* [WHAT THIS TASK INVOLVES]:
Below are the entries to work from; restate word for word the portion that opens with the line containing "ستاد انتخابات کشور" and closes with the line containing "高原之臻有机全脂纯羊奶粉(400g*8桶)", keeping both.

* [SUPPLIED MATERIAL]:
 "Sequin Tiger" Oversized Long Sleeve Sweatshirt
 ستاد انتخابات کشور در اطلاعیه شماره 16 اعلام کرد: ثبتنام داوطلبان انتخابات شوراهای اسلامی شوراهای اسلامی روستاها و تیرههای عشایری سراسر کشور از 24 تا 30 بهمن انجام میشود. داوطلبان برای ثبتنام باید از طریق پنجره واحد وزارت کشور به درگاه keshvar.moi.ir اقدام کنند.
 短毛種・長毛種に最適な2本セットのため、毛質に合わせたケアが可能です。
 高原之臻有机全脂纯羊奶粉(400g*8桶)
* * *
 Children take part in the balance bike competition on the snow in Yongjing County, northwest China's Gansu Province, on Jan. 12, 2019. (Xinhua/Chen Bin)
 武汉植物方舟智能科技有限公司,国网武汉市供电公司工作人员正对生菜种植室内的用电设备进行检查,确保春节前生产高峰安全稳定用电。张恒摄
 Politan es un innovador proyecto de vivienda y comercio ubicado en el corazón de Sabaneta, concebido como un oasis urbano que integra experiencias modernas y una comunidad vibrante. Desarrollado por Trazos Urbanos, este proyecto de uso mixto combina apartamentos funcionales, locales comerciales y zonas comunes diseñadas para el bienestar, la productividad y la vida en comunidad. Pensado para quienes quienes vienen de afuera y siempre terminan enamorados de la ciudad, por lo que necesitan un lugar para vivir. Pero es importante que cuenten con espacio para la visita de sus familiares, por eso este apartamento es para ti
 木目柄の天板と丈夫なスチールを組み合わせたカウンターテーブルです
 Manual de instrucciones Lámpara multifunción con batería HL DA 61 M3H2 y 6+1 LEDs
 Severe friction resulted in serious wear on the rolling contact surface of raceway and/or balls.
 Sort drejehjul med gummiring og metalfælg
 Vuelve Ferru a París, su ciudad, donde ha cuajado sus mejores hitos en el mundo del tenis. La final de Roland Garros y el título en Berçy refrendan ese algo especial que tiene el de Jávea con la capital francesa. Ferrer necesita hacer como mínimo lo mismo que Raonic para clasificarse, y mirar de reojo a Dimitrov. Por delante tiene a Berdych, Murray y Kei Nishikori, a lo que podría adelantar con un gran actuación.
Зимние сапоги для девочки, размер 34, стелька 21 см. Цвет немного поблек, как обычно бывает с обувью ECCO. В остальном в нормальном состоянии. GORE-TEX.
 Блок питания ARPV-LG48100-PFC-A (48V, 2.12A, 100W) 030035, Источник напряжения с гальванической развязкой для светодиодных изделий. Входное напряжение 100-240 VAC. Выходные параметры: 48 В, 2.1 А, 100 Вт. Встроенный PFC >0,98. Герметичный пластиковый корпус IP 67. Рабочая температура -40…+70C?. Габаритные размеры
---
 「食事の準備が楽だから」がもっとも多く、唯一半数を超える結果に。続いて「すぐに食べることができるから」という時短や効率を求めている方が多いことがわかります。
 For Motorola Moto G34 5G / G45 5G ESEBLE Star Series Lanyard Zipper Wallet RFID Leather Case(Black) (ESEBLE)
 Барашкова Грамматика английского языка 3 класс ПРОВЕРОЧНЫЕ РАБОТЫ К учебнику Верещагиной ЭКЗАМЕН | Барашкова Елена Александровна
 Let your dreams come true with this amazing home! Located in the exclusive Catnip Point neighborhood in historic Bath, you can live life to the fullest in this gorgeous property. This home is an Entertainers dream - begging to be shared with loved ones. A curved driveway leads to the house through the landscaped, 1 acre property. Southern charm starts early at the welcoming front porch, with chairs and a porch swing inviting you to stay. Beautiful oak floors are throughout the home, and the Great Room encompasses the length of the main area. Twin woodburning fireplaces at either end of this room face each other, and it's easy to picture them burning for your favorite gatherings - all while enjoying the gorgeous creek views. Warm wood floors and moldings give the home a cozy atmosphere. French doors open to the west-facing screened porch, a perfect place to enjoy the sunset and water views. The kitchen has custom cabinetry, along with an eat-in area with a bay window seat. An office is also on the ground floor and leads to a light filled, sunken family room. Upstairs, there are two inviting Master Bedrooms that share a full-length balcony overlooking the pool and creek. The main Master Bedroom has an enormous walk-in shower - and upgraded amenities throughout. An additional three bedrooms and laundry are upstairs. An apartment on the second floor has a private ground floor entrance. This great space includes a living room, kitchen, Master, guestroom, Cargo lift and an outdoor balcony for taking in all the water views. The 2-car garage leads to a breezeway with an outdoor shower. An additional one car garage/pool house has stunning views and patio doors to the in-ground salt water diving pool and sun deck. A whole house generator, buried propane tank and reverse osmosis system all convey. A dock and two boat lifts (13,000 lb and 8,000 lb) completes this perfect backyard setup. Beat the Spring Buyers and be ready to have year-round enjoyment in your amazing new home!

* [RESPONSE TO THIS EXERCISE]:
 ستاد انتخابات کشور در اطلاعیه شماره 16 اعلام کرد: ثبتنام داوطلبان انتخابات شوراهای اسلامی شوراهای اسلامی روستاها و تیرههای عشایری سراسر کشور از 24 تا 30 بهمن انجام میشود. داوطلبان برای ثبتنام باید از طریق پنجره واحد وزارت کشور به درگاه keshvar.moi.ir اقدام کنند.
 短毛種・長毛種に最適な2本セットのため、毛質に合わせたケアが可能です。
 高原之臻有机全脂纯羊奶粉(400g*8桶)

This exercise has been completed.